По сути, американцами в 1803 году были куплены французские владения в Северной Америке, и размер приобретенной территории составил примерно 2,1 млн кв. км, что в четыре раза превосходило по размеру саму Францию.

Цена сделки составила 15 миллионов долларов или 80 миллионов французских франков. Исходя из этого, цена одного квадратного километра составила всего семь долларов.

Эта «странная» сделка Наполеона до сих пор продолжает удивлять историков. Что это было? Великая удача для американцев? Тонко продуманный ход, одним росчерком пера создавший ненавистной Наполеону «владычице морей» Великобритании нового серьезного соперника? Или, может быть, сделка имела прямое отношение к коррупции?
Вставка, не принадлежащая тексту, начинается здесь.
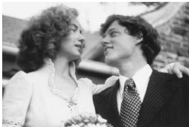
Our wedding day, October 11, 1975
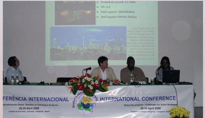
2008 GLU Conference, “What Ladder? What Tree? Global Development: Challenges for Union Strategies”, Campinas, Brazil.
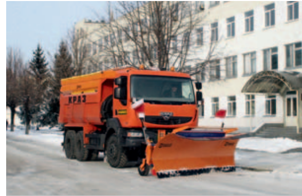
The KrAZ C20.2R Road Maintenance Vehicle with RASCO Salt Spreading and Snow Removal Equipment

PJSC “AutoKrAZ” is open for cooperation. Let’s make cities clean together.
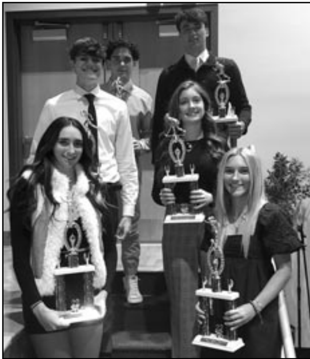
(above) 2022 Fall MVPs.
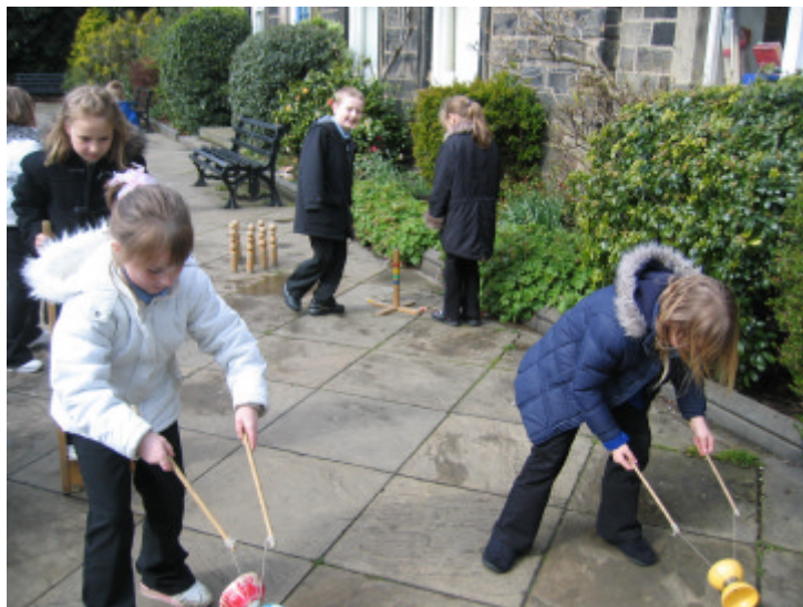
Visit to the Dewsbury Toy Museum

Before each visit takes place parents will be informed of the cost and asked to make a contribution towards it. Hopefully all parents will contribute, but should the total contributions be less than the cost of the trip then the balance will have to be made up from school funds. If the amount is substantial then the trip may have to be cancelled. When most of the visit takes place outside school hours (i.e. residential visits) all participants must pay the full cost.
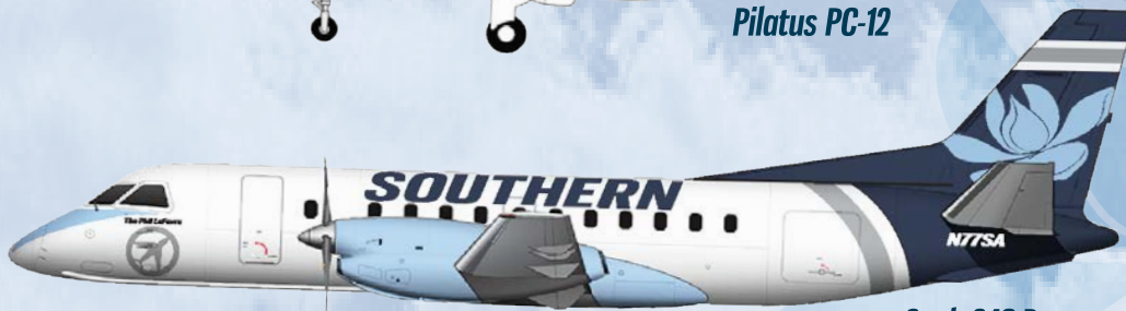
Saab 340 B
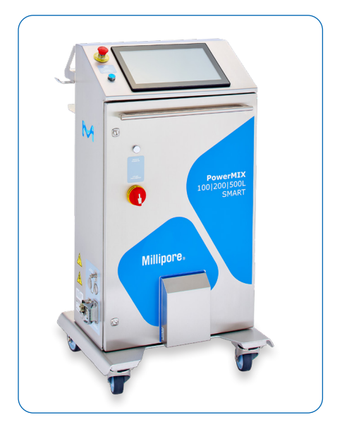
Figure 1. Smart control box

Recipe-driven automation eliminates manual operations, increases reproducibility, and minimizes risk of errors. Reports can be easily generated from scratch or from pre-defined templates. An interactive P&ID allows users to visually monitor the process and control each of the components from the Human-Machine Interface (HMI) or from anywhere through a browser-based interface.
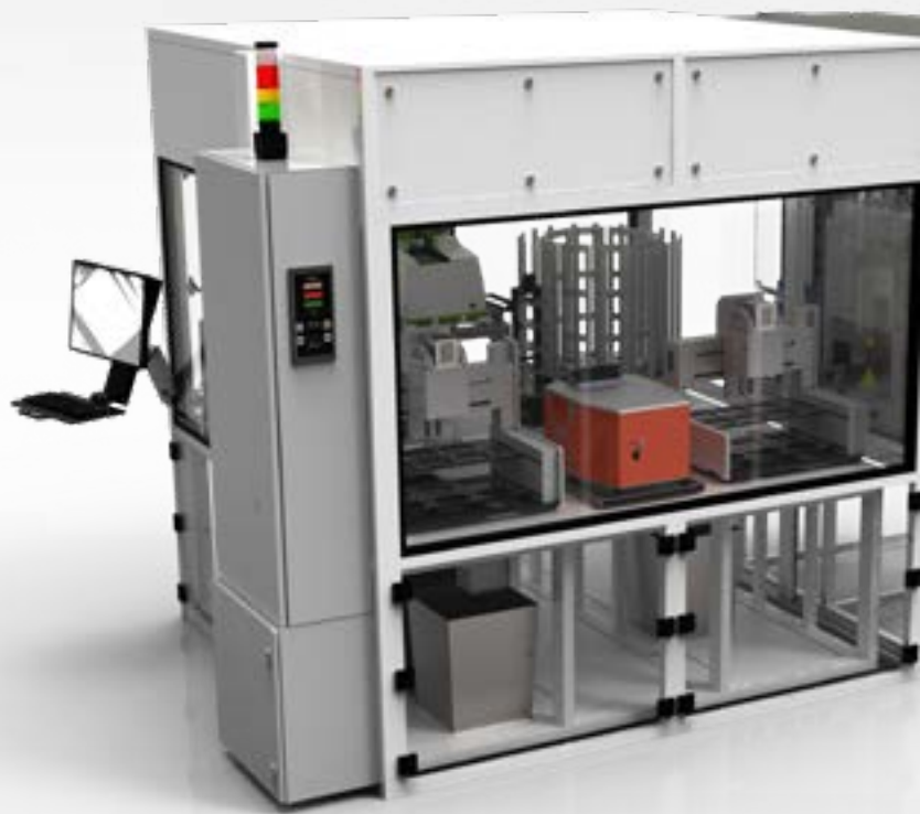
Fully automated system CyBio Automation
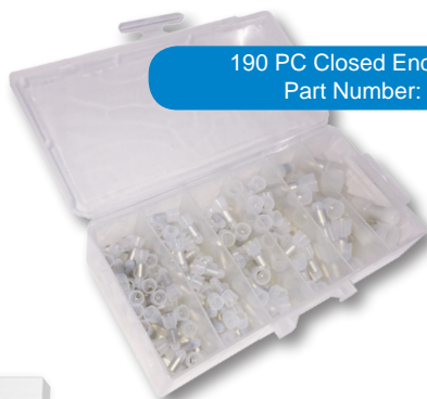
190 PC Closed End Connector Kit Part Number: 5990-190
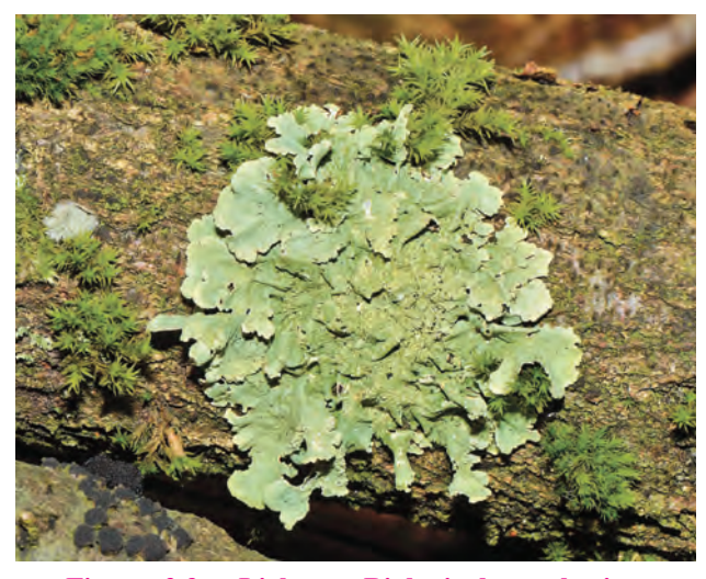
Figure 3.9 : Lichen - Biological weathering

Ants make large anthills. Rats, mice, rabbits and other worms and insects make burrows in the ground. These animals are called burrowing animals. Because of their activity, weathering of rock occurs. Besides these, algae, moss, lichen, other flora etc. grow in the rocks. They also help in weathering. See fig. 3.9.

На отошедших в пользу США землях в настоящее время располагаются штаты Арканзас, Миссури, Айова, Оклахома, Канзас, Небраска, южная часть штата Миннесота, бо́льшая часть штата Северная Дакота, практически весь штат Южная Дакота, северо-восточная часть штата Нью-Мексико, бо́льшая часть штата Монтана, часть штата Вайоминг, северная часть Техаса, восточная половина Колорадо и часть штата Луизиана, включая город Новый Орлеан.

«Луизианская покупка», как уже говорилось, стала делом 3-го президента США Томаса Джефферсона, и он был весьма озабочен ее законностью, ибо Конституция США не содержала статей по поводу приобретения территорий у иностранных государств. Тем не менее, он решился на сделку, поскольку Франция и Испания мешали американской торговле через порт Нового Орлеана. А Новый Орлеан, как уже говорилось, полностью контролировал реку Миссисипи – одну из главных водных артерий Северной Америки.

* * *

Томас Джефферсон направил в Париж Джеймса Монро и Роберта Ливингстона для проведения предварительных переговоров. Сначала в качестве приобретения планировались только Новый Орлеан и его окрестности. Никто и предположить не мог, что французская сторона выдвинет совершенно другое предложение.

Дело в том, что еще в 1802 году в Париж был командирован Пьер-Самюэль Дюпон де Немур, родившийся в Париже и бежавший после революции в США. В Америке Дюпон, имевший множество полезных связей во французских правящих и деловых кругах, стал близким другом Томаса Джефферсона. И по тайным дипломатическим каналам вступил в переговоры с Наполеоном от имени президента США.

Кстати, ярым противником продажи Луизианы был наполеоновский министр иностранных дел Шарль-Морис де Талейран. Во всяком случае, когда Ливингстон сообщил о твердом намерении приобрести Новый Орлеан, предложения американцев были названы Талейраном «преждевременными».

Но потом потерпела неудачу французская экспедиция для подавления восстания рабов в Санто-Доминго (в настоящее время – Гаити). Там началась активная партизанская война против колониальных войск, плюс вспыхнула эпидемия страшной желтой лихорадки, которая унесла жизни трех четвертей французских солдат, включая генерала Шарля Леклерка (зятя Наполеона и командующего экспедицией).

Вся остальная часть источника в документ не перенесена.